▶ WHAT THE EXERCISE ASKS
For the data below, retype word for word the lines from the one containing "A majestic white" through the one containing "第一把角色渲染关闭,不然电脑配置不好的会卡顿,导致画面不流畅。"; drop the pictures.

▶ EXTRACTED ENTRIES
====================
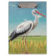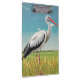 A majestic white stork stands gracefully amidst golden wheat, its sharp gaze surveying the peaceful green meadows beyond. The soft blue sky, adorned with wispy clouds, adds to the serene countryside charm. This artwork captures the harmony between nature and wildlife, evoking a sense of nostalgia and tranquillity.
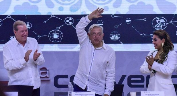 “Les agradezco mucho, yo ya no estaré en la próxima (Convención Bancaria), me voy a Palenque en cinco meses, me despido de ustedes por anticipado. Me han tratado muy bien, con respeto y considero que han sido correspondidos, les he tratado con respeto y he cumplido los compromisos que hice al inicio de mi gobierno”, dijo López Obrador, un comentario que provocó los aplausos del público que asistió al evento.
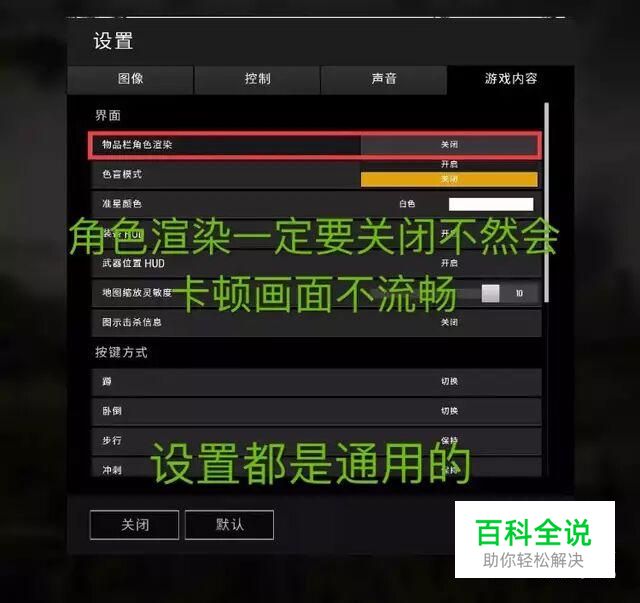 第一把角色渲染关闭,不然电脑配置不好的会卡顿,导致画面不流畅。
====================
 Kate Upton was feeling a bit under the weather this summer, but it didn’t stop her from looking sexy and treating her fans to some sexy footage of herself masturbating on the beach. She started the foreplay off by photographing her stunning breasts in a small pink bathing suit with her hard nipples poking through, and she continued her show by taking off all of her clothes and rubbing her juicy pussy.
====================
▶ RESULT FOR THIS TASK
 A majestic white stork stands gracefully amidst golden wheat, its sharp gaze surveying the peaceful green meadows beyond. The soft blue sky, adorned with wispy clouds, adds to the serene countryside charm. This artwork captures the harmony between nature and wildlife, evoking a sense of nostalgia and tranquillity.
 “Les agradezco mucho, yo ya no estaré en la próxima (Convención Bancaria), me voy a Palenque en cinco meses, me despido de ustedes por anticipado. Me han tratado muy bien, con respeto y considero que han sido correspondidos, les he tratado con respeto y he cumplido los compromisos que hice al inicio de mi gobierno”, dijo López Obrador, un comentario que provocó los aplausos del público que asistió al evento.
 第一把角色渲染关闭,不然电脑配置不好的会卡顿,导致画面不流畅。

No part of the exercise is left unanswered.